- **What the task requires**:
Could you repeat the entries below exactly, but only from the line with "(Sharm el Sheikh)" through the line with "美國選手 SAMUEL FLETCHER", and without any picture?

- **Data excerpts**:
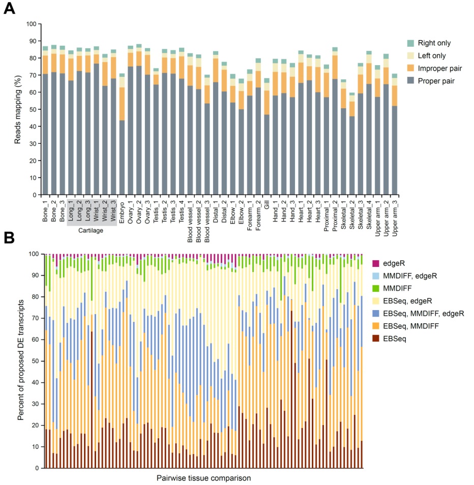 Figure S1. Transcriptome read representation and comparison of methods for differential gene expression analysis. Related to Figure 1 and Table 1. (A) Approximately 80% of RNA-Seq reads from each sample and replicate are represented by the transcriptome assembly. (B) Most transcripts identified as significantly differentially expressed were agreed upon by at least two different computational methods. |
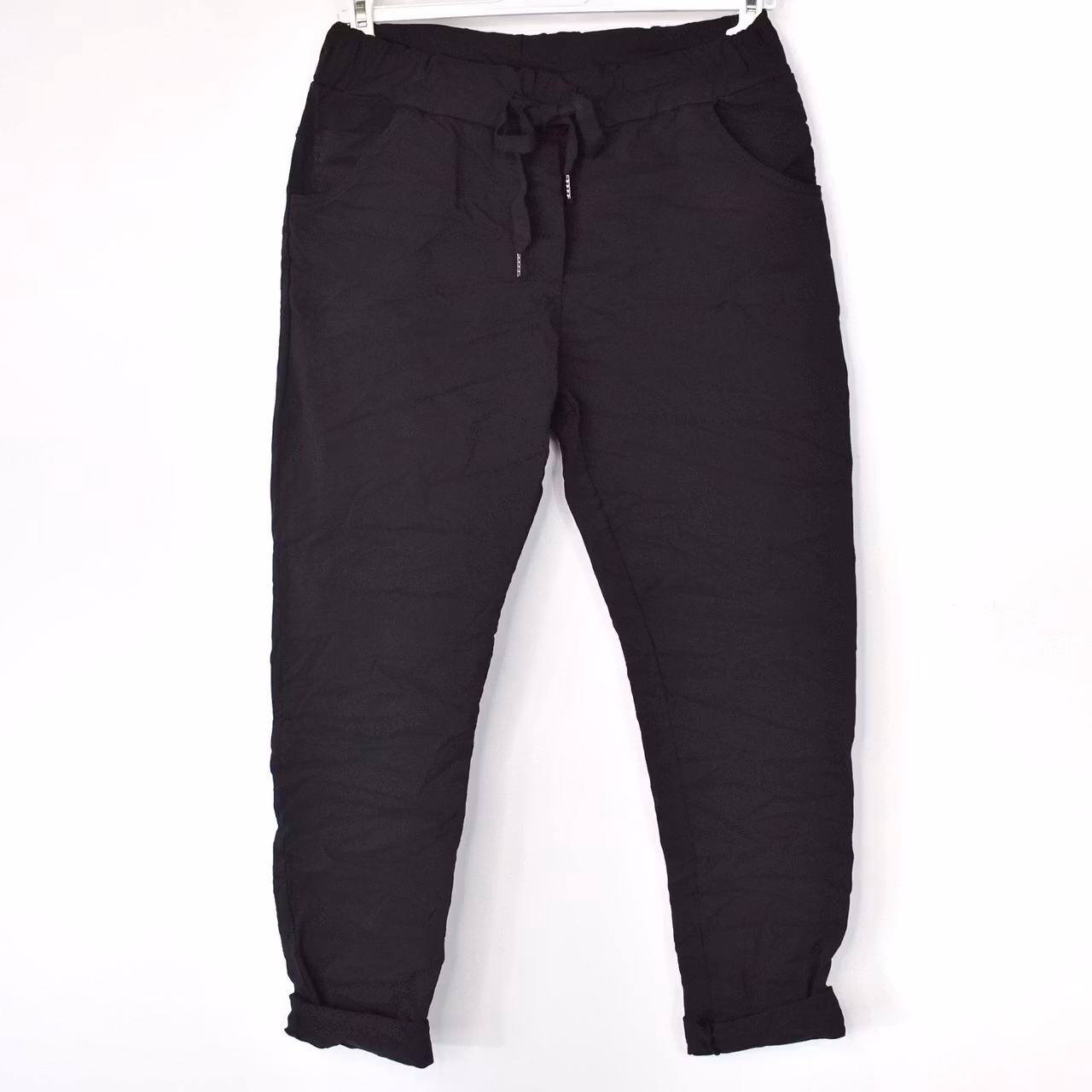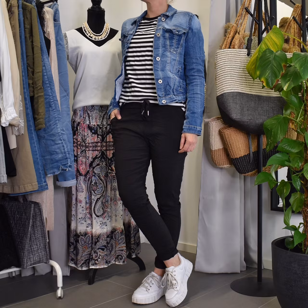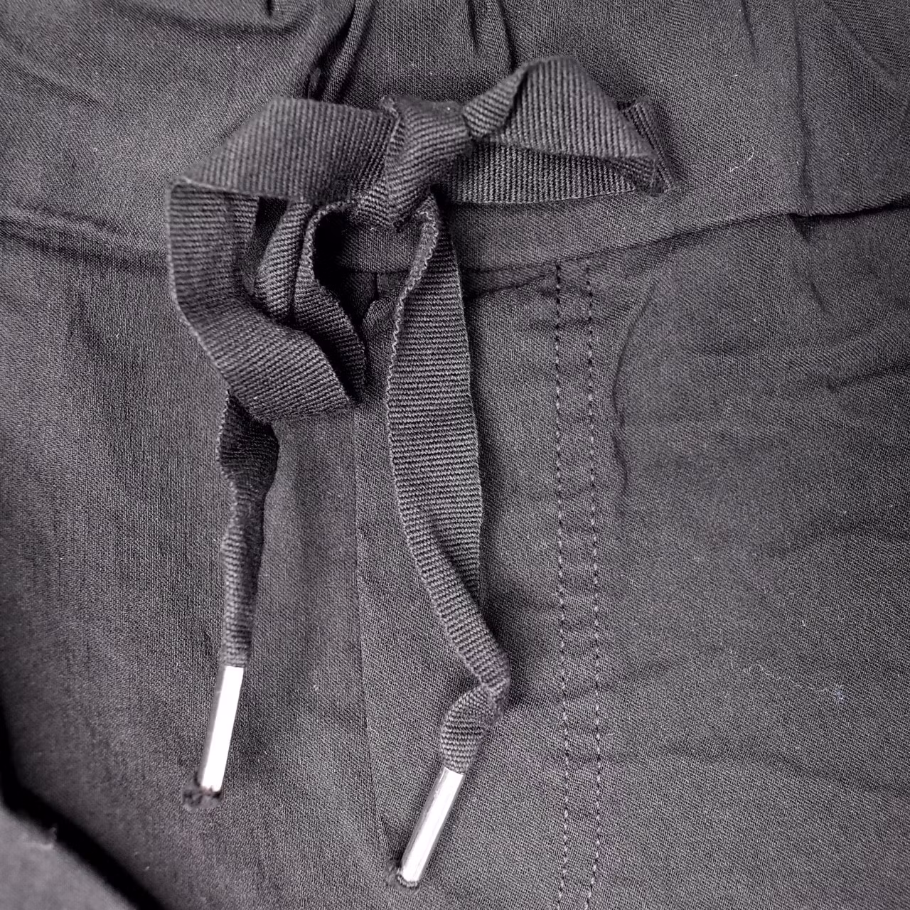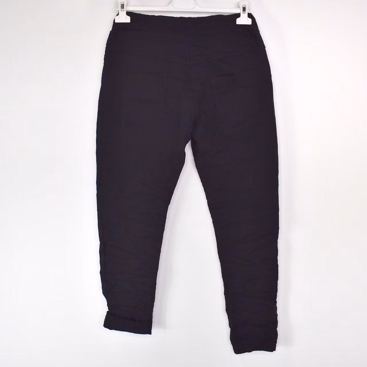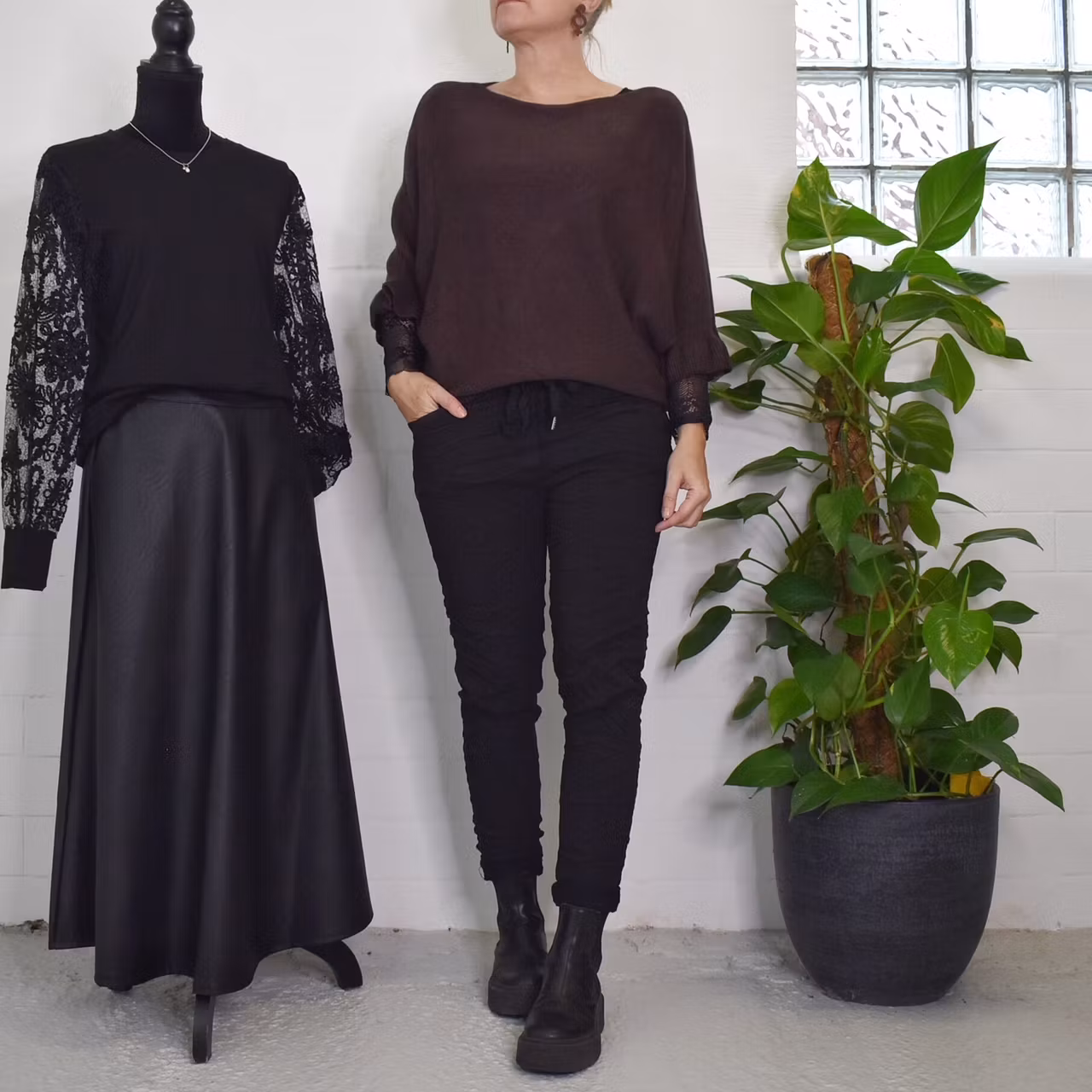 Det här är en bekväm, snygg och användbar komfortbyxa i femficks-modell med låga fickor bak. I midjan är där knytband och stretchig resår. Fejkgylf finns framtill. Midjan är mellanhög. Materialet är tunt, behagligt och väldigt stretchigt. Modellen har ett midjemått på cirka 76cm, en stussvidd på cirka 98cm, är 163cm lång och bär 36/38. Observera: Dessa byxor har en skrynkeleffekt som kan variera något och effekten försvinner vid tvätt så att tyget slätas ut. På grund av byxans speciella modell och det mycket stretchiga materialet kan måtten skilja sig en aning mellan olika exemplar. Vid infärgning krymper tyget olika mycket, vilket gör att byxan inte går att producera i exakta mått varje gång. Därför kan det förekomma en viss variation på cirka ±1–2 cm på alla mått. Det är också bra att känna till att tyget kan töja sig olika mycket både vid användning och tvätt (ha det i åtanke när du väljer storlek). Exakt hur det förändras går tyvärr inte att förutse, på grund av materialets speciella egenskaper och unika karaktär. Kulörer kan aldrig återskapas till exakt samma nyans och därför kan även färgen skilja lite mellan exemplar som är tillverkade vid olika tillfällen.
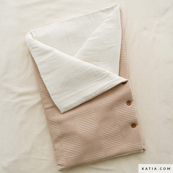 Mit dem Schnittmuster für den Babystrampelsack Kusi von Katia Fabrics kannst du ein praktisches, warmes und bequemes Accessoire für ein Neugeborenes nähen. Sein umhüllendes Design mit seitlichen Knöpfen schützt das Baby vor Kälte und hält es jederzeit eingekuschelt. Nähe ihn aus weichen Stoffen wie Waffelpiqué, Musselin, Steppbaumwolle oder Plüschstoffen von Katia Fabrics und erhalte einen gemütlichen, funktionalen und einzigartigen Baby-Sack oder Pucksack.
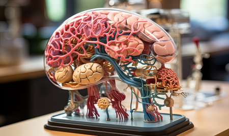 This image features a detailed human brain model, showcasing the vascular structure, set in a modern laboratory environment, ideal for educational materials.
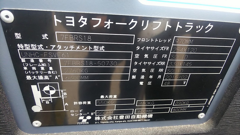(TOYOTA) 7FBRS18-50730Used Forklift
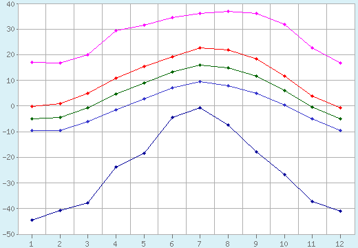 | diciembre | -41.1 (1968) | -9.5 | -5.1 | -0.7 | 16.7 (1939) |
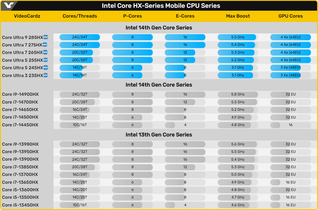 В Сеть попали характеристики линейки процессоров Intel Core Ultra 200HX, также известных как Arrow Lake-HX. Это CPU для игровых ноутбуков и мобильных рабочих станций, официальный релиз которых состоится в начале 2025 года.
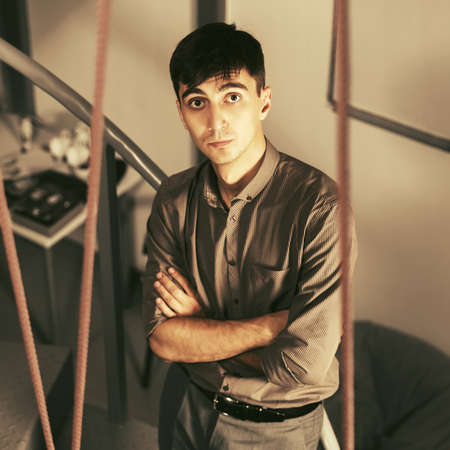 portrait of a self-confident young man standing in the shadow
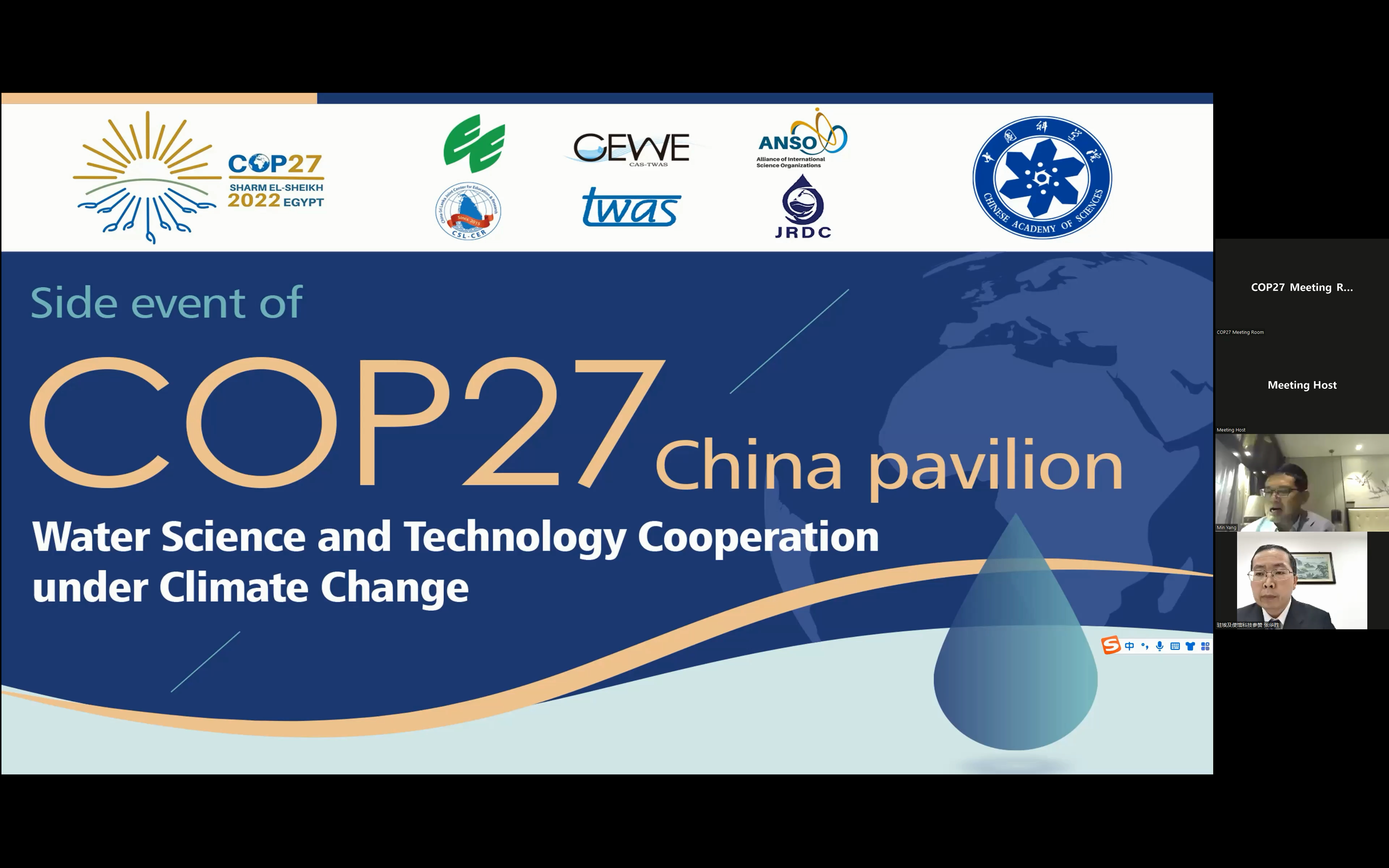 《联合国气候变化框架公约》第二十七次缔约方大会(COP27)于11月7日-11月20日在埃及沙姆沙伊赫 (Sharm el Sheikh) 正式召开。受生态环境部的邀请,中心于11月15日在COP27国家馆中国角(China Pavilion)以线上线下结合的方式举办了“气候变化下的水科技合作”边会,分享气候变化下水科技的发展经验,推动水科技领域国际合作。会议由生态环境中心魏源送研究员现场主持,中国驻埃及使馆张华胜科技参赞、ANSO执行主任曹京华教授、生态环境中心副主任杨敏研究员和埃及、泰国、斯里兰卡以及国内清华大学、华北电力大学等80余位专家学者线上参加了边会。
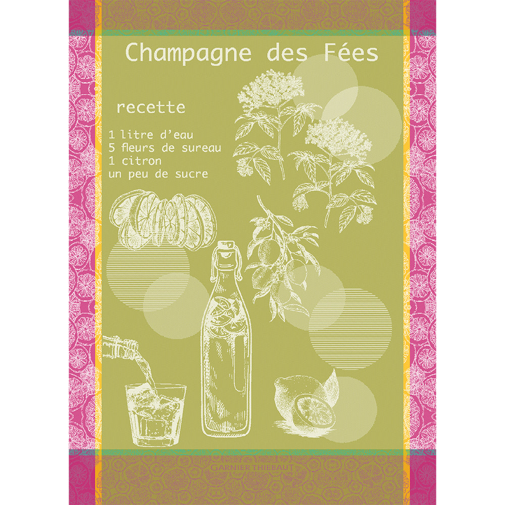 This kitchen towel showcases the recipe for "Champagne Des Fees", incorporating vibrant greens and pinks for a playful touch.
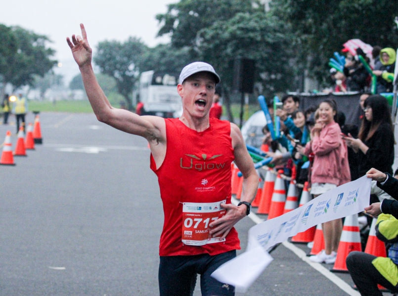 美國選手 SAMUEL FLETCHER 以1小時07分34秒獲 2020 渣打馬總一。(圖片來源:轉身)
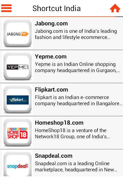 Shortcut india : Name of the application , signifies its meaning - 1.Connect with all your favorite websites in finger tips . 2 .Watch national and regional Indian TV Channels (News, Entertainment , Business News, Regional channel( viz .. Assamese, Bengali , Bhojpuri ,Marathi, Tamil , Telugu etc ) 3.Update yourself with popular Indian News papers . 4.Find your dream Tourist destination from the 28 States and 7 Union Territories of India .(connect with statewise tourism websites of India) .This app will guide you in your visit of famous temples , historical places , national parks from different states across the country . You can call it virtual tourist guide . 5.Check your railway PNR status . 6.Buy the product of your choice from online shopping website . 7.Find your dream JOB. 8.Get your life partner with marriage portal . 9.Refresh yourself with Life-style website . 10.Find android hidden secret codes . 11.Get Live Cricket score 12. Pay Electricity Bill . 13.Mobile recharge from your android device Benefits of this app : “Chhota sa app bheem jaisa kam ”, means installing this Free android application you can save your valuable time, memory space of your device and find almost all your requirement within this app. Only important thing is that to run this application you should have internet connection . Tags : Sochi 2014 , winter olympics sochi ,winter olympics in russia , Mobile TV, Live TV,NEWS, Movies, Talk shows, Free India Live TV, Sport, Music, Online TV, Live TV for Android Cricket Live TV, Watch Indian TV Channel live on your mobile free. 2G Live TV , 3G Live TV Hindi,Telugu,Tamil,Odia,Regional,Kannada, Marathi, South Indian, Assamese Tv , Bengali Tv etc Disclaimer :: • All the logos, trademarks and other symbols are the properties of their respective owners. We do not support or endorse any channel or any company. • This application only provides the links to the respective mobile version of particular popular website or live streaming TV channels . • We collect all TV channels video url from various sources published on internet and from the users. Hence despite of our best effort we can't guarantee its correctness and other legal information . If the owner or publishers of the channel do not want display their channels appear in our application , please contact us .We will remove that corresponding channels immediately from our list . We value your feedback :: If you have any issues, contact us before leaving a bad review . When you get force to close message or if you see a channel that does not work , at first check your internet connection speed , if the problem still persist , please send us an email about the issue. For improving the app; add your comments and give stars on the play store! If you want us to add a new TV channel, send us email with channel name and a link to the channel. We will try to live upto your demands .
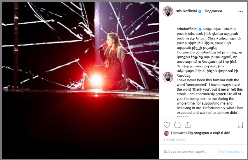 Մեկնաբանություններում շատ հետեւորդներ իրենց աջակցությունն են հայտնել երգչուհուն ու շնորհակալություն հայտնել երկիրը պատվով ներկայացնելու համար։ «Եվրատեսիլ 2019»-ի երկրորդ կիսաերզափակիչը տեղի է ունեցել երեկ՝ Թել Ավիվում։ Սրբուկը երաժշտական մրցույթին ներկայացրել է «Walking out» երգը։
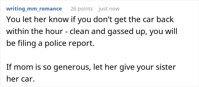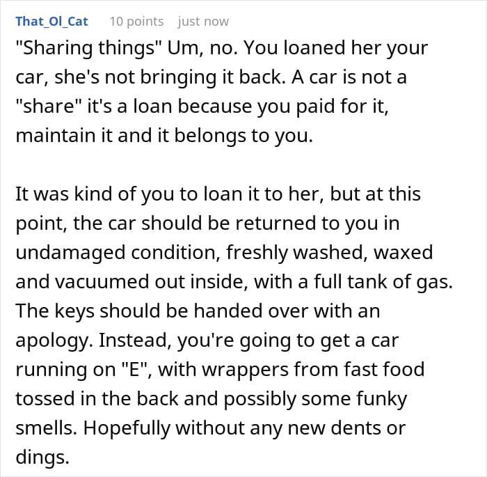 Meet today’s Original Poster (OP) whose simple act of kindness which was lending her sister her car for an hour ended up turning into three days of not getting it back. What followed was her mother insisting that “siblings share” things and the OP feeling like a jerk.

- **Result**:
 《联合国气候变化框架公约》第二十七次缔约方大会(COP27)于11月7日-11月20日在埃及沙姆沙伊赫 (Sharm el Sheikh) 正式召开。受生态环境部的邀请,中心于11月15日在COP27国家馆中国角(China Pavilion)以线上线下结合的方式举办了“气候变化下的水科技合作”边会,分享气候变化下水科技的发展经验,推动水科技领域国际合作。会议由生态环境中心魏源送研究员现场主持,中国驻埃及使馆张华胜科技参赞、ANSO执行主任曹京华教授、生态环境中心副主任杨敏研究员和埃及、泰国、斯里兰卡以及国内清华大学、华北电力大学等80余位专家学者线上参加了边会。
 This kitchen towel showcases the recipe for "Champagne Des Fees", incorporating vibrant greens and pinks for a playful touch.
 美國選手 SAMUEL FLETCHER 以1小時07分34秒獲 2020 渣打馬總一。(圖片來源:轉身)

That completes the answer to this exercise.